Public sector union Unison said the charity was threatening to sack the care workers at the end of March and re-employ them on lower salaries if they did not agree to have their pay cut.
Gary Cleaver, Unison’s regional organiser, said: “Many members of staff will be forced to leave a job they love and are dedicated to doing because they will not be able to survive.”
Mr Cleaver said disabled people could suffer if care staff were forced to leave the charity.
He said: “They have built up long relationships with service users, and this puts those long-established relationships in jeopardy.”
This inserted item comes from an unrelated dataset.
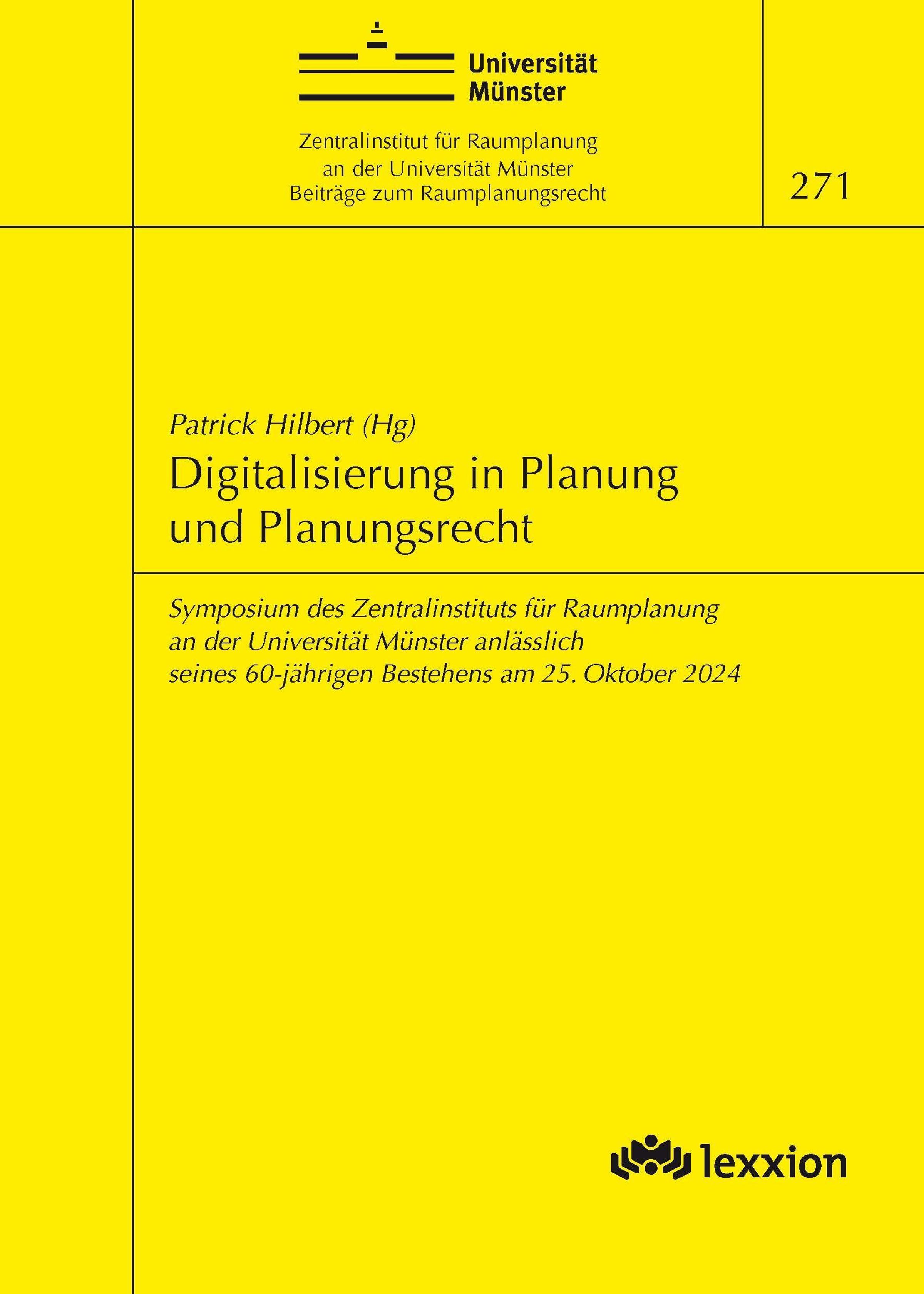 Im Jahr 2024 durfte das Zentralinstitut für Raumplanung an der Universität Münster - Forschungsinstitut für deutsches und europäisches Öffentliches Recht - sein sechzigjähriges Bestehen begehen. Das Forschungsinstitut wird von der Deutschen Akademie für Städtebau und Landesplanung (DASL) getragen und institutionell gefördert vom Bund und vom Land Nordrhein-Westfalen. Anlässlich dieses Jubiläums veranstaltete das Institut unter der Schirmfrauschaft der Bundesministerin für Wohnen, Stadtentwicklung und Bauwesen und der Ministerin für Wirtschaft, Industrie, Klimaschutz und Energie des Landes Nordrhein-Westfalen ein Symposium zum Thema "Digitalisierung in Planung und Planungsrecht". Die digitale Entwicklung transformiert sämtliche Lebensbereiche und hat folglich auch in die Planung und das Planungsrecht Einzug gehalten. So soll eine digitale Öffentlichkeitsbeteiligung auch der Verfahrens- beschleunigung dienen. Der Einsatz von Künstlicher Intelligenz schafft neue Potenziale für planende Stellen, z. B. in der Smart City, und bildet eine wichtige Grundlage für Abwägungsentscheidungen. Das Institut blickt mit dem vorliegenden Tagungsband nicht nur auf die vergangenen 60 Jahre zurück, sondern macht traditionsgemäß auch die Beiträge und Zusammenfassungen der Diskussionen der Veranstaltung am 25. Oktober 2024 der interessierten Öffentlichkeit zugänglich.

Choice Support said the three-year Wakefield Council contract was running at a loss, but Unison claims high salaries paid to directors at the London-based national charity prove it can afford not to make the cuts.
Accounts filed at the Charity Commission show there were nine directors earning between £60,000 and £120,000 last year.
Mr Cleaver added: “Choice Support is not a charity that is in financial difficulty.”
Choice Support said some salaries would actually rise as a result of the changes, and staff set to lose pay would be compensated with a lump sum.
The charity said in a statement: “Currently, it costs more to provide that care in Wakefield than is available from the public purse.
“We are not a profit-making organisation, but we have to protect the long term viability of the services we provide so we can continue supporting people in the future and protect people’s jobs.”
Unison said more than 50 per cent voted for strike action at the charity, where it represents around two thirds of the workforce.
But Choice Support said only a minority of the workforce voted to strike.